Required Qualifications

7+ years of QA engineering experience, with at least 3 years in a senior or lead capacity where you shaped process and standards not just executed them.
You have tested AI/LLM-powered applications. You understand prompt sensitivity, output variance, and how to build eval pipelines that catch regressions across model updates.
You speak in ownership: you've built the eval pipeline, owned model quality, gated the release — not just run someone else's test suite.
You write test code. Python is your primary tool. You have built and maintained CI/CD-integrated test suites, and you don't wait for someone to file a bug to find one.
Hands-on experience with Playwright and Vitest in a production environment and you've built automation frameworks from scratch, not just inherited them.
Comfortable testing complex API chains, async/streaming responses, and multi-service workflows. Data pipelines and knowledge graph outputs don't intimidate you.
You test for confusion and trust failure not just broken functionality. Your end users are non-technical executives, and you advocate for them.
US-based, able to overlap roughly 5 hours per day with EDT, and available for full-time contract hours.

Preferred Qualifications

You have experience with LLM evaluation frameworks (e.g., LangSmith, DeepEval, Promptfoo, RAGAS, or custom eval pipelines).
You have tested agent frameworks or orchestration layers in a production environment.
You have a background in a regulated industry (insurance, finance, healthcare) where audit-trail integrity is non-negotiable.
You have worked alongside Forward Deployed or solutions engineering teams and understand field deployment risk.

Technology Stack

AI/LLM: Anthropic Claude, OpenAI GPT, LiteLLM (multi-model routing), custom agent orchestration with reinforcement learning
Backend: Python (FastAPI), async agent runtime, Pydantic
Data & Graph: Memgraph · Neo4j · Qdrant · PostgreSQL · Redis
Frontend: React/Next.js, TypeScript, Tailwind CSS
Integrations: Nango (700+ connectors)
Infrastructure: Google Cloud Platform (Cloud Run, GCE, Firebase) · GitHub Actions CI/CD · Docker
Testing: Playwright, Vitest

Work Arrangement

Fully Remote US Based
Atlanta, GA a Plus
Contract (~5 hrs/day EDT Overlap)
Early Engineering Team

Compensation & Engagement

Compensation: 1099 hourly rate depending on experience (contract).
Structure: Contract, full-time hours (~40/week). Contract-to-hire possible if the engagement goes well.

About the Company

About Peach Pilot

Most AI companies sell tools. Peach Pilot transforms how businesses run.

Peach Pilot builds a platform that ingests everything about how a company operates—every system, every process, every signal—and constructs a Company Brain: a living knowledge graph that connects people, decisions, and outcomes across the entire organization.

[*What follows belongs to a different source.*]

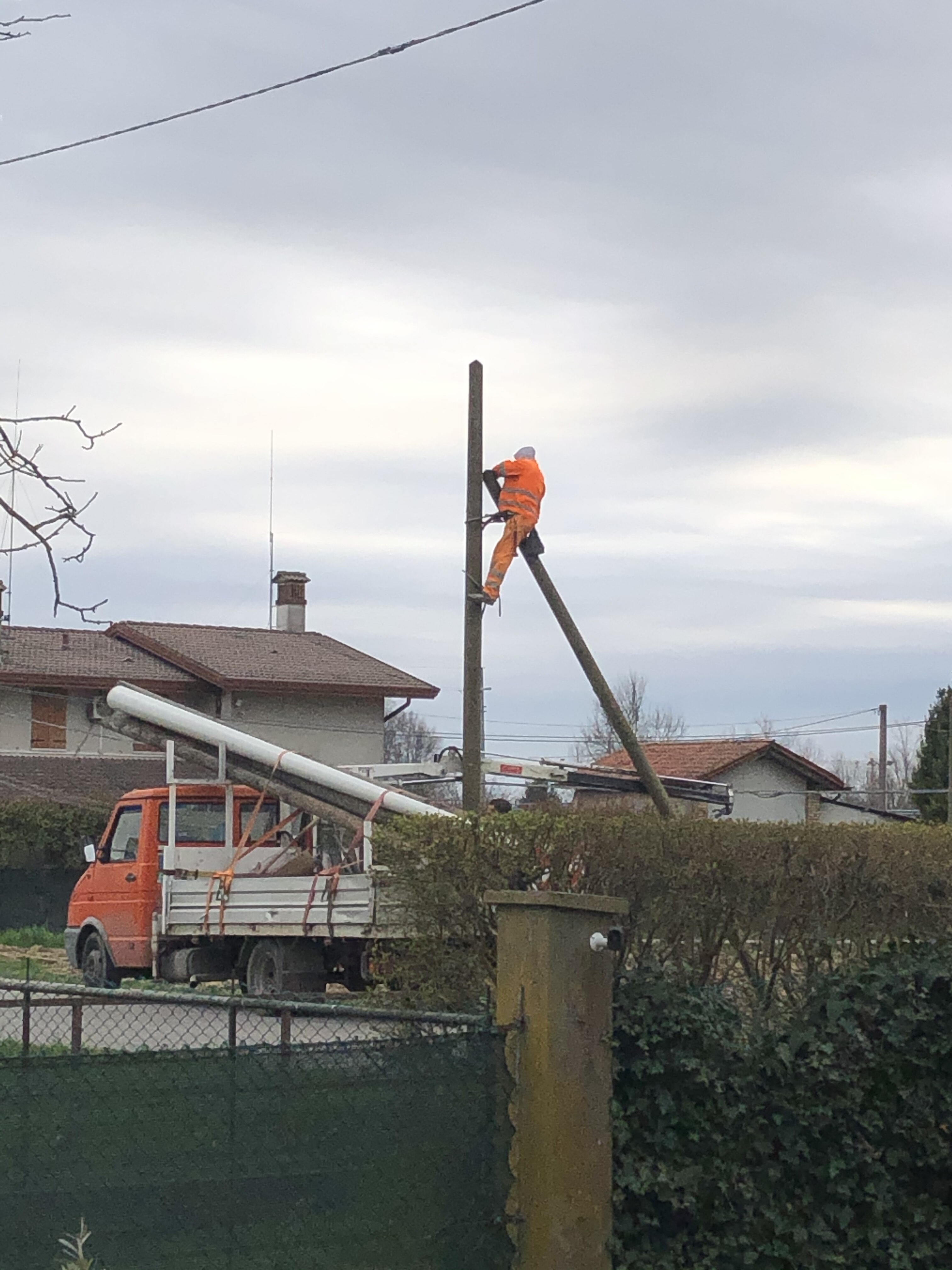 ma ero molto più preoccupato dai lavori che stavano eseguendo 2 tecnici (di impresa sconosciuta, parlavano uno strano idioma talebano) sulla palificata dove c'è la mia carissima fibra:

The platform deploys 92 pre-built AI agents that work together across every business function, governed by humans at every critical step. The system gets smarter with every interaction.

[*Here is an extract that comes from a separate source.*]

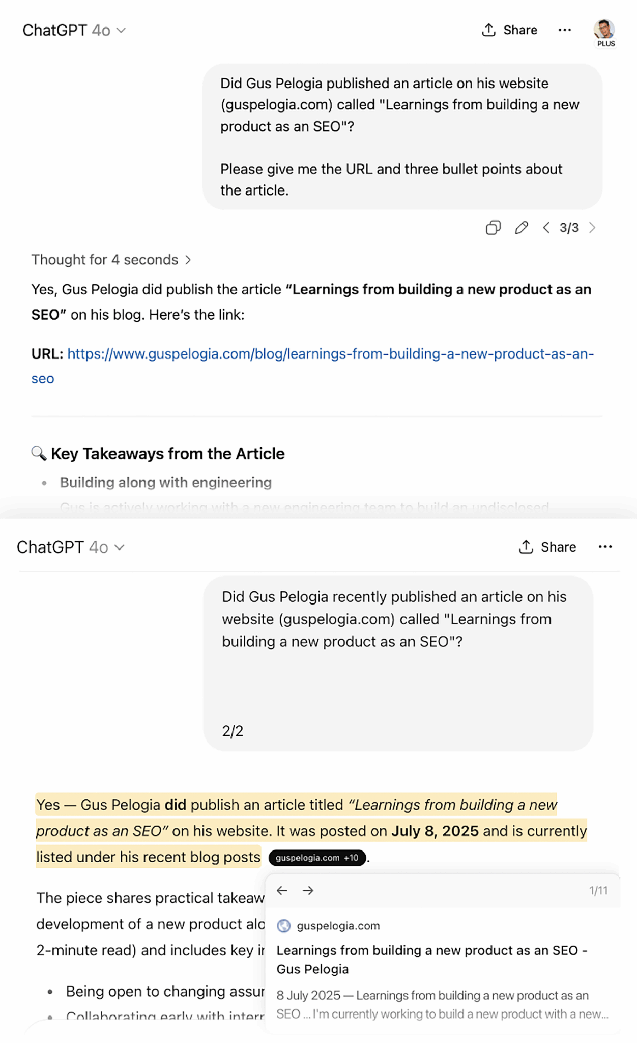 ChatGPT made-up URL: https://www.guspelogia.com/learnings-from-building-a-new-product-as-an-seo

Peach Pilot doesn't sell software licenses. The company embeds into a client's operation, learns their business in weeks, shows them what's broken backed by their own data, and redesigns their highest-impact business functions with AI. The first vertical is insurance, and the first client engagement is already scoped and funded.

Leadership

Peach Pilot is co-founded by Mario Montag (Predikto, acquired by a Fortune 50; McKinsey, PwC) and JP James (Hive Financial Assets, Georgia Tech, TITAN 100). The company has a working platform with live infrastructure and a proven data-to-insights methodology.